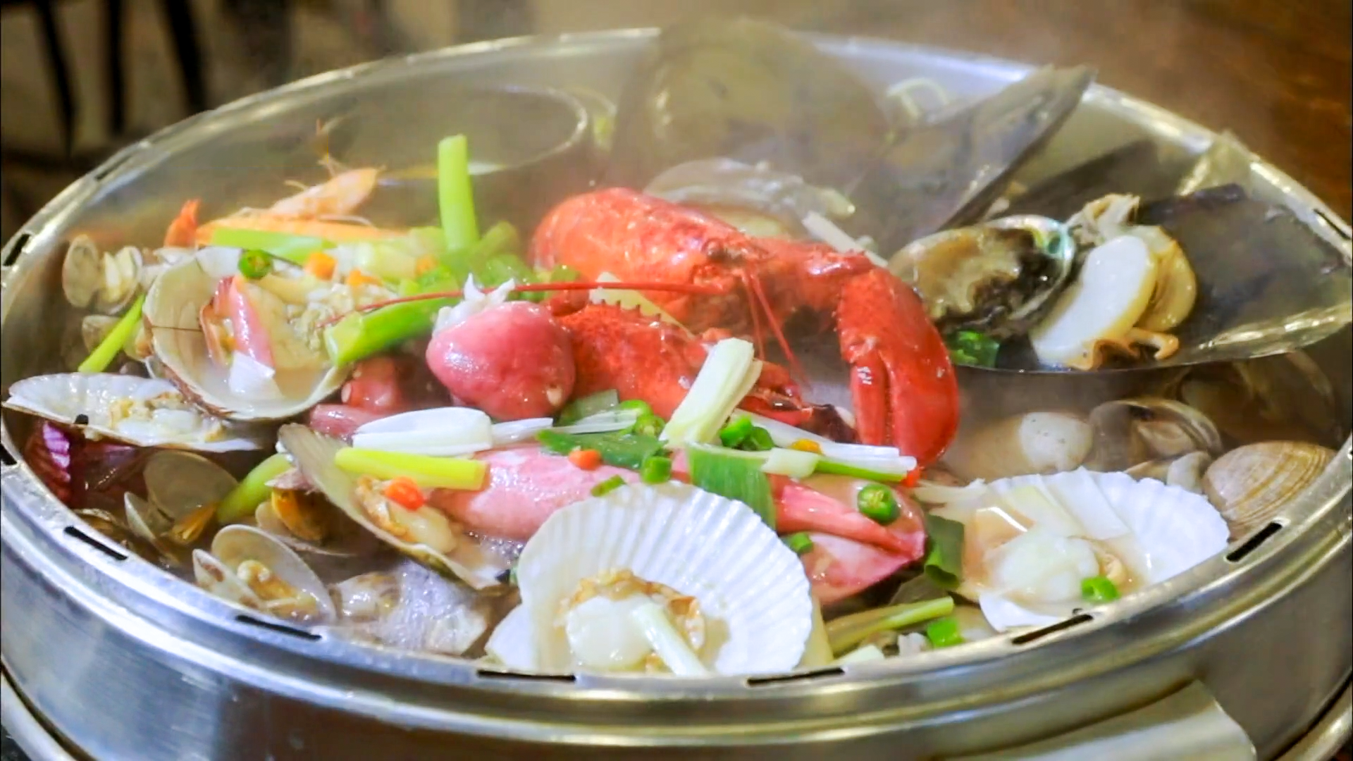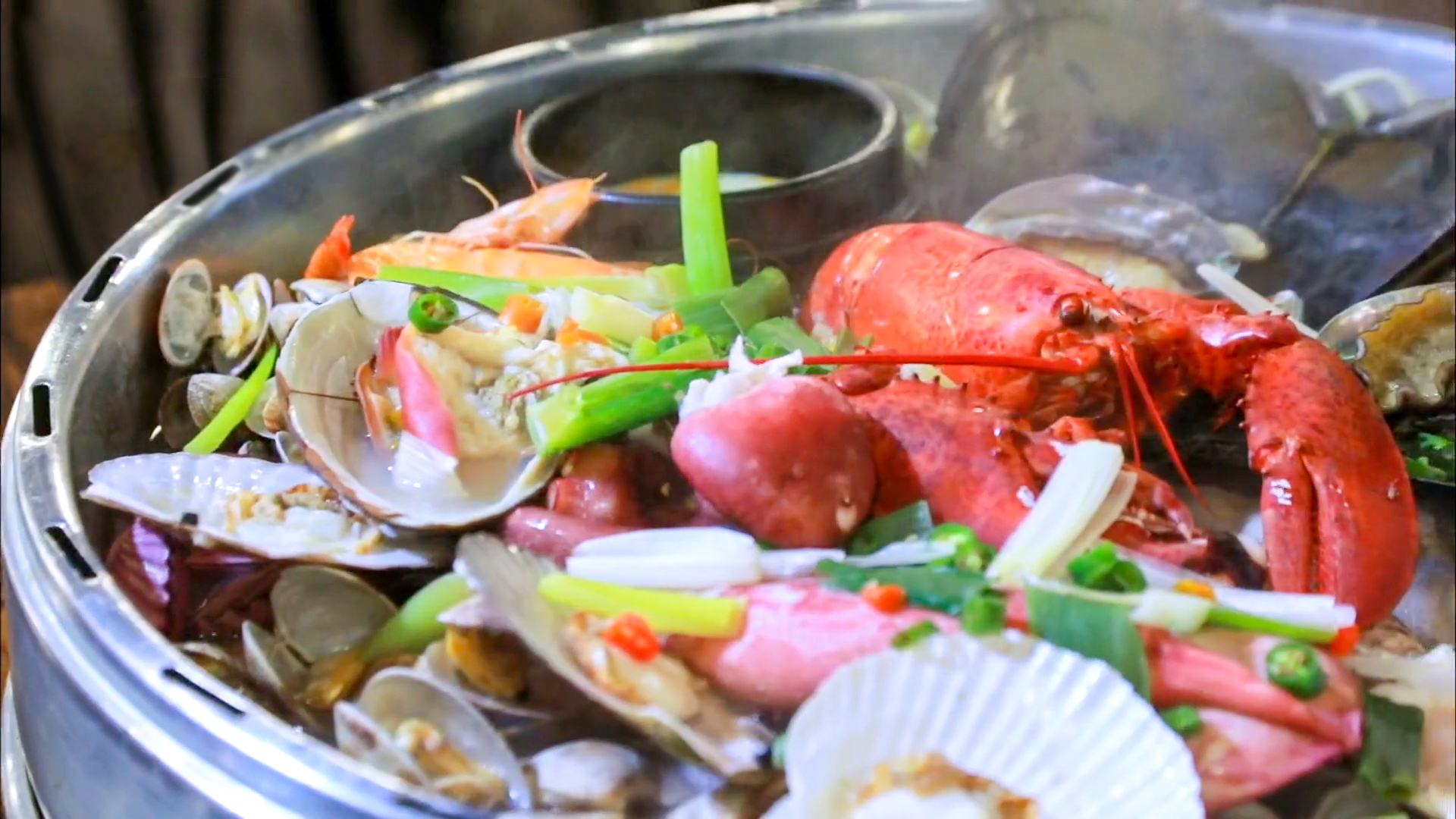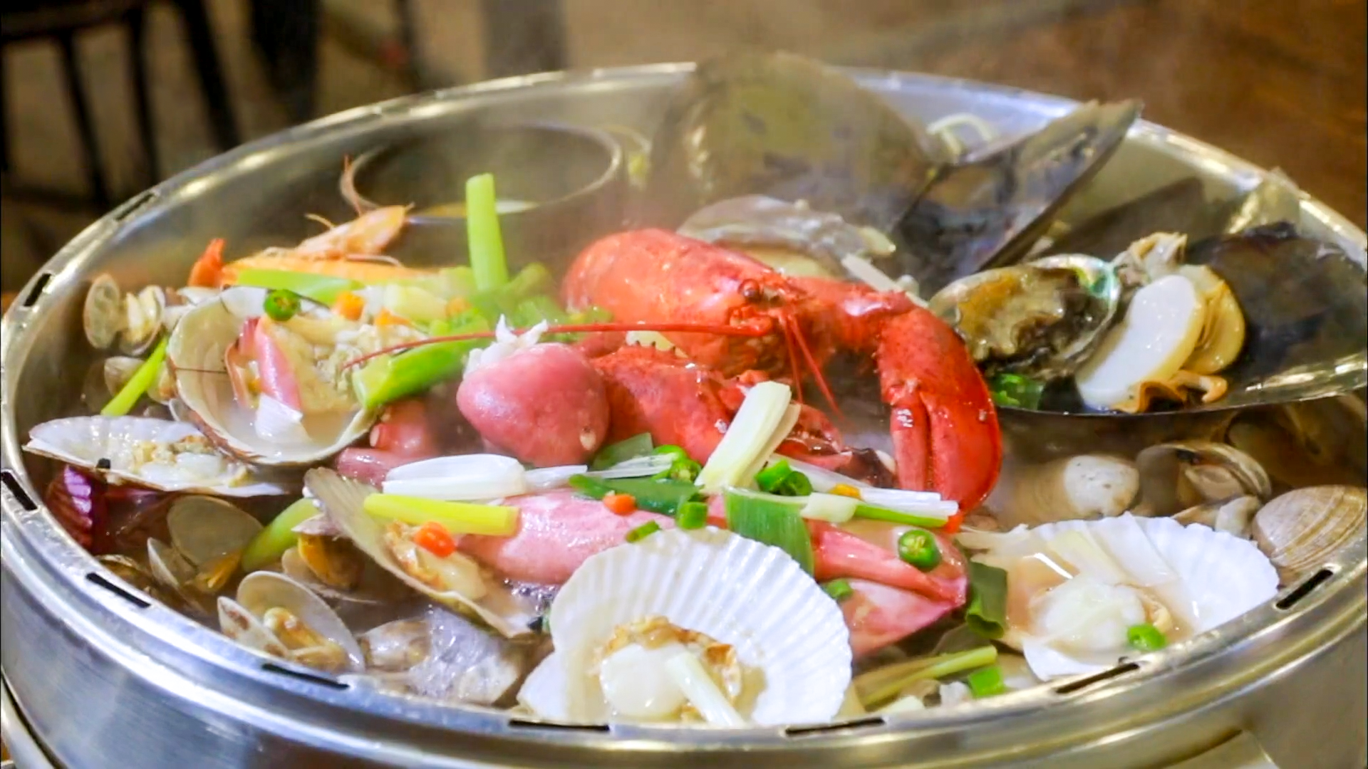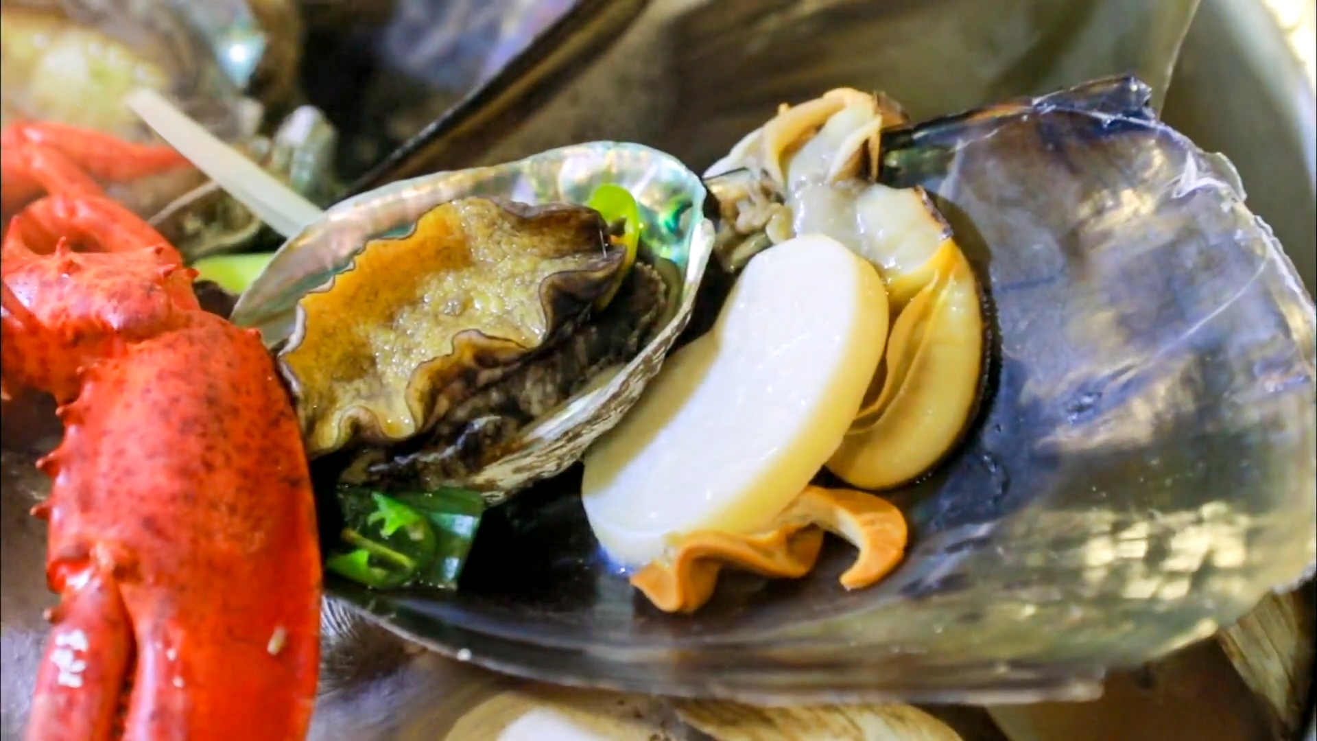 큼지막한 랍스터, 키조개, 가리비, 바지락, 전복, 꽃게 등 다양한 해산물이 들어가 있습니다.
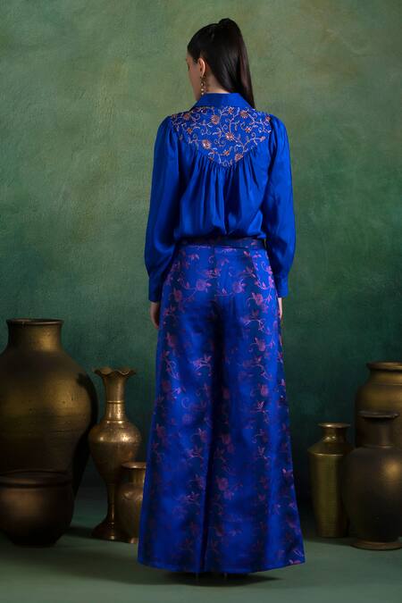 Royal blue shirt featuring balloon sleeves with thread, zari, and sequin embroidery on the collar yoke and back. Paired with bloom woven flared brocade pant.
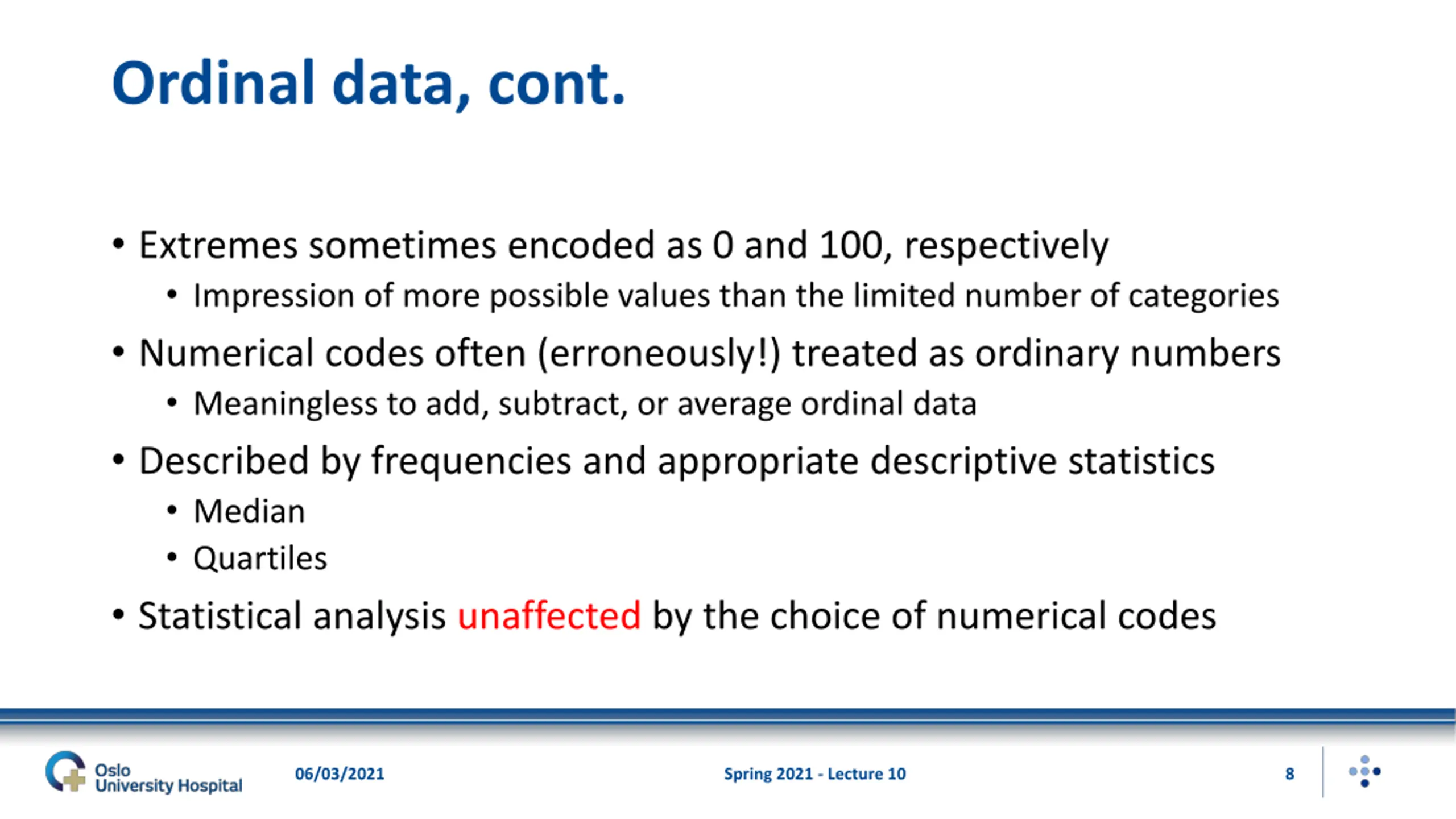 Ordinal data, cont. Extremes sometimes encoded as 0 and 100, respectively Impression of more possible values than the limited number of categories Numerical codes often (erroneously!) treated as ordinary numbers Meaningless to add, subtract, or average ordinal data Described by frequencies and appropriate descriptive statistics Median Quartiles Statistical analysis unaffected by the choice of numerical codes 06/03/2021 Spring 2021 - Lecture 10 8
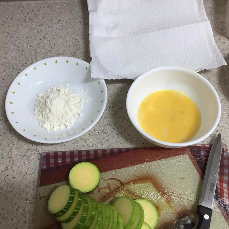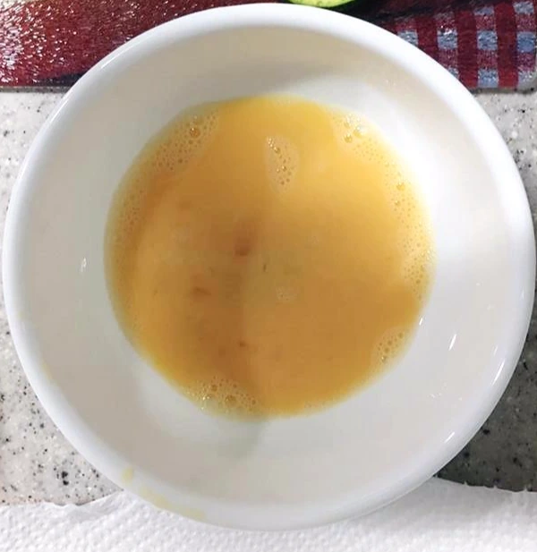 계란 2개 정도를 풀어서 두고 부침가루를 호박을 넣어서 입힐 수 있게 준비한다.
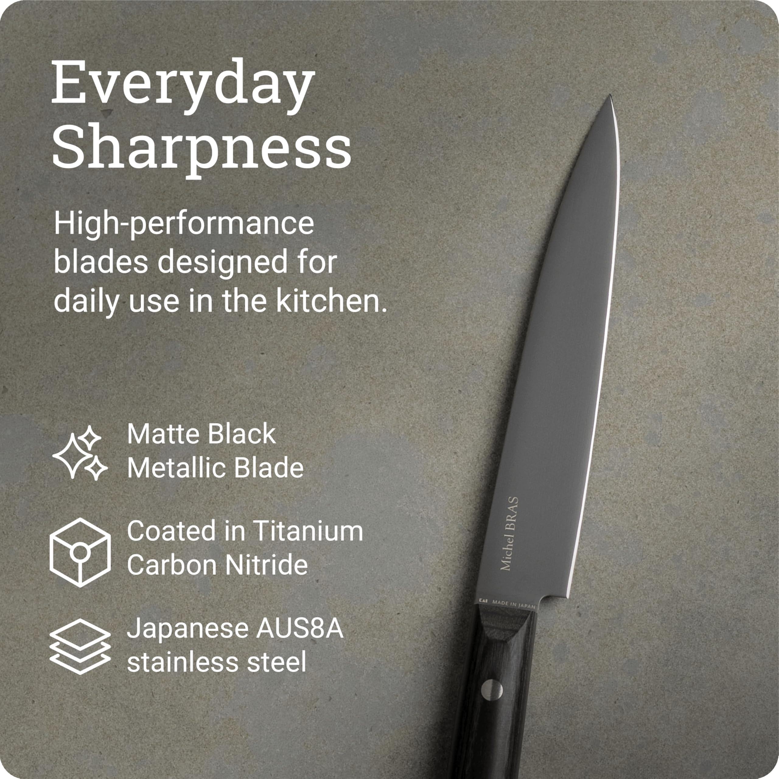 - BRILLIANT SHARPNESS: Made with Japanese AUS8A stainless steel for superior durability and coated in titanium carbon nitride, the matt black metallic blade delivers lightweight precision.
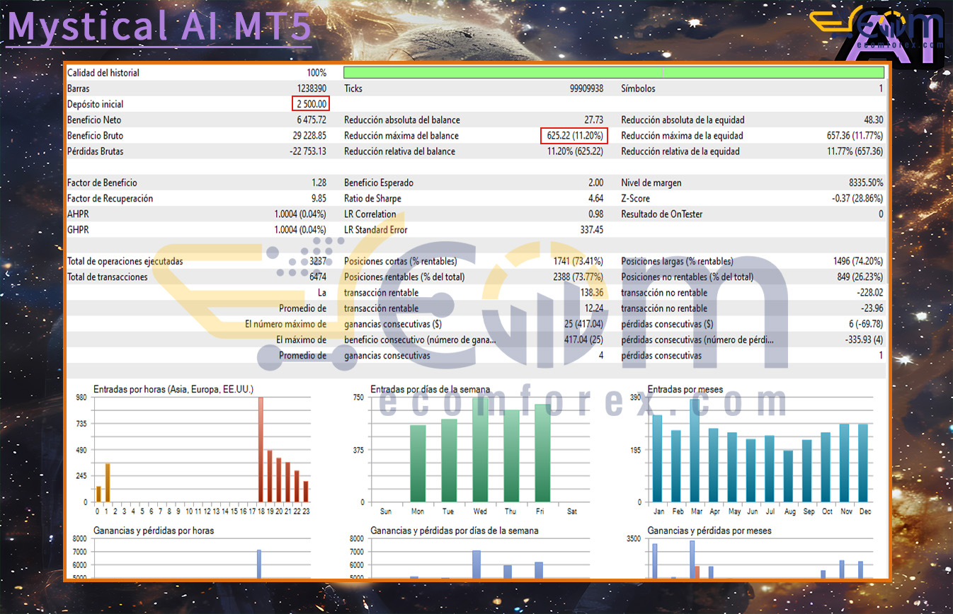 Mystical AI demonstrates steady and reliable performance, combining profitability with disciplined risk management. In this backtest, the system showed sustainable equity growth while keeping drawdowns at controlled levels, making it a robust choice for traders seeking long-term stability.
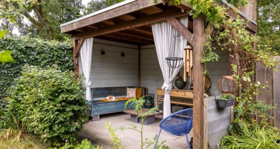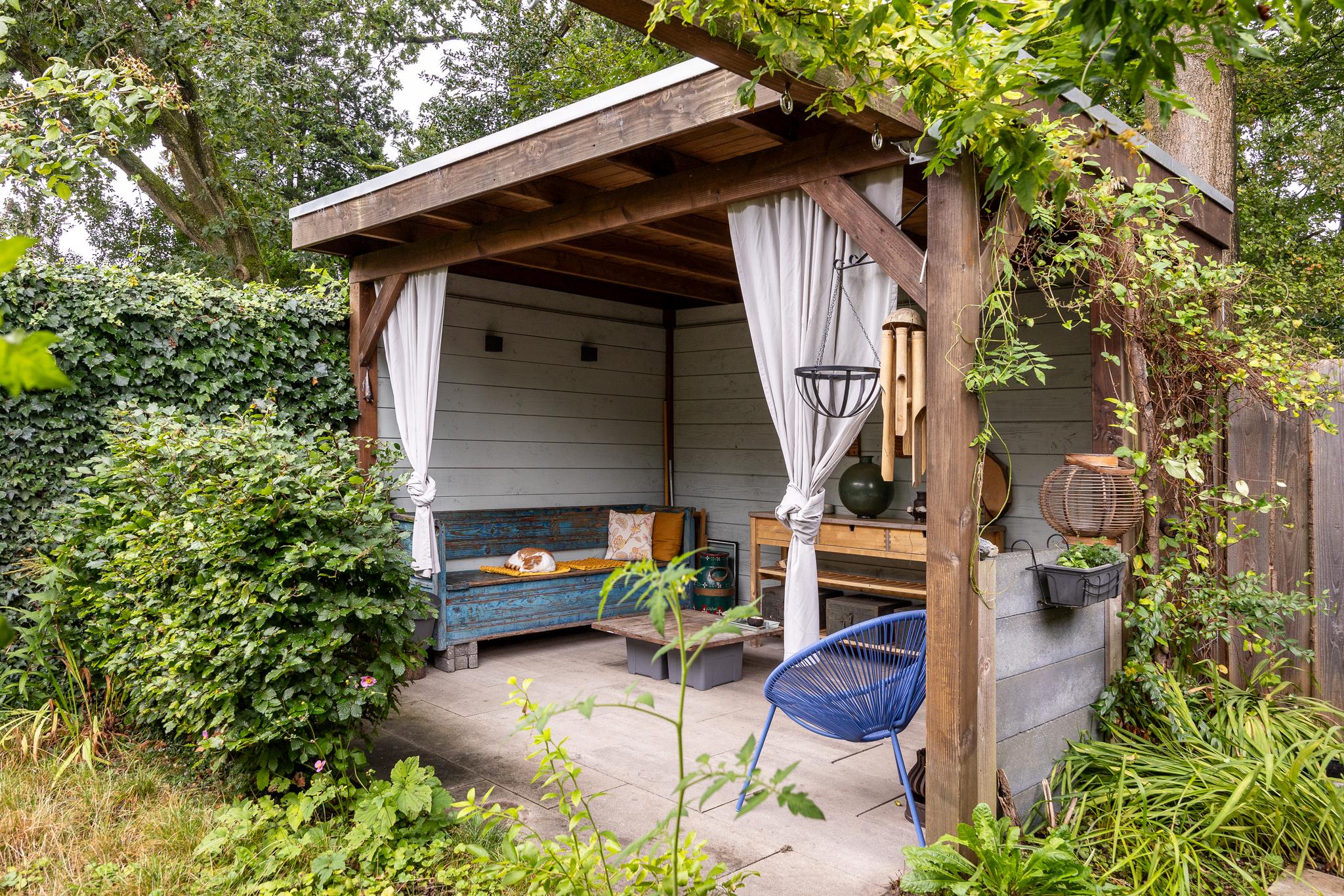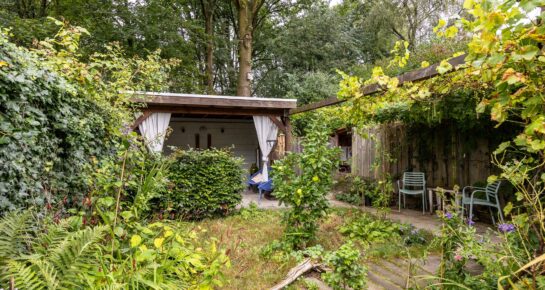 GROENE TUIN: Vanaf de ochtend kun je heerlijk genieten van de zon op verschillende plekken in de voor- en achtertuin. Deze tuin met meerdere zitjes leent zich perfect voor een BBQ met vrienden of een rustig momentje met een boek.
——
- **What you will do**
If a picture appears among the records, leave it out, and otherwise reproduce exactly every line from the first line through the one with "Royal blue shirt", both included.

- **Response area**
 큼지막한 랍스터, 키조개, 가리비, 바지락, 전복, 꽃게 등 다양한 해산물이 들어가 있습니다.
 Royal blue shirt featuring balloon sleeves with thread, zari, and sequin embroidery on the collar yoke and back. Paired with bloom woven flared brocade pant.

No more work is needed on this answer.